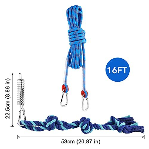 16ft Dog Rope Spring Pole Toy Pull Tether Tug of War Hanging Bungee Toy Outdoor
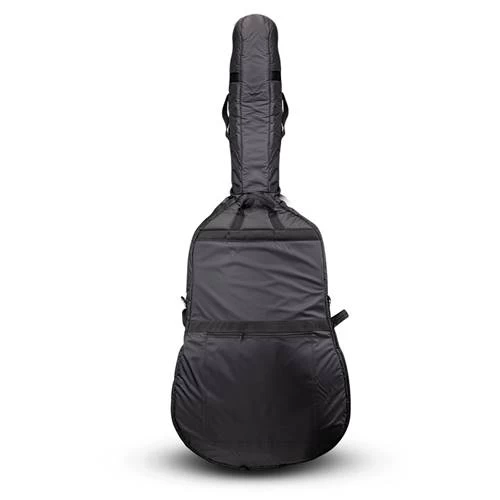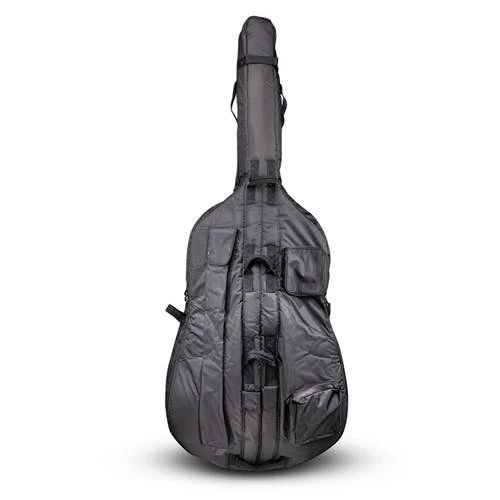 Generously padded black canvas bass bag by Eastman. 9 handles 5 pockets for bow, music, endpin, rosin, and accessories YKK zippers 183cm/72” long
...
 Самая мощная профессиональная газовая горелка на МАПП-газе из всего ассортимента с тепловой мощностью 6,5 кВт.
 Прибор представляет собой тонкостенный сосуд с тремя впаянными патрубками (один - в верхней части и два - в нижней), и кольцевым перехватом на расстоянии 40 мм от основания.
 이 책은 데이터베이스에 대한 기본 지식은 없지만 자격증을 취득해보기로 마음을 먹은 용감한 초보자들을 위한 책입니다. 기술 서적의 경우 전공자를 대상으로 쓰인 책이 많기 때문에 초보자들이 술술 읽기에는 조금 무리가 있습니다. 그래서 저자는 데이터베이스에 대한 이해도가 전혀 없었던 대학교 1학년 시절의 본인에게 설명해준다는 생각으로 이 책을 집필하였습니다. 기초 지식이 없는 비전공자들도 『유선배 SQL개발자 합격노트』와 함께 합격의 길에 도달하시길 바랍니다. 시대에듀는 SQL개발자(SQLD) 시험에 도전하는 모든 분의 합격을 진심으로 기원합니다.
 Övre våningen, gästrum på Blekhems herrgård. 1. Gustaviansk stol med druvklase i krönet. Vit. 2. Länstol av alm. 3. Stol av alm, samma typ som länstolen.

WHAT YOU SHOULD DO ->
Write out exactly the run of lines above that starts at the line containing "16ft Dog Rope" and ends at the line containing "Generously padded black". Include both, and leave the pictures out.

WRITTEN RESPONSE ->
 16ft Dog Rope Spring Pole Toy Pull Tether Tug of War Hanging Bungee Toy Outdoor
 Generously padded black canvas bass bag by Eastman. 9 handles 5 pockets for bow, music, endpin, rosin, and accessories YKK zippers 183cm/72” long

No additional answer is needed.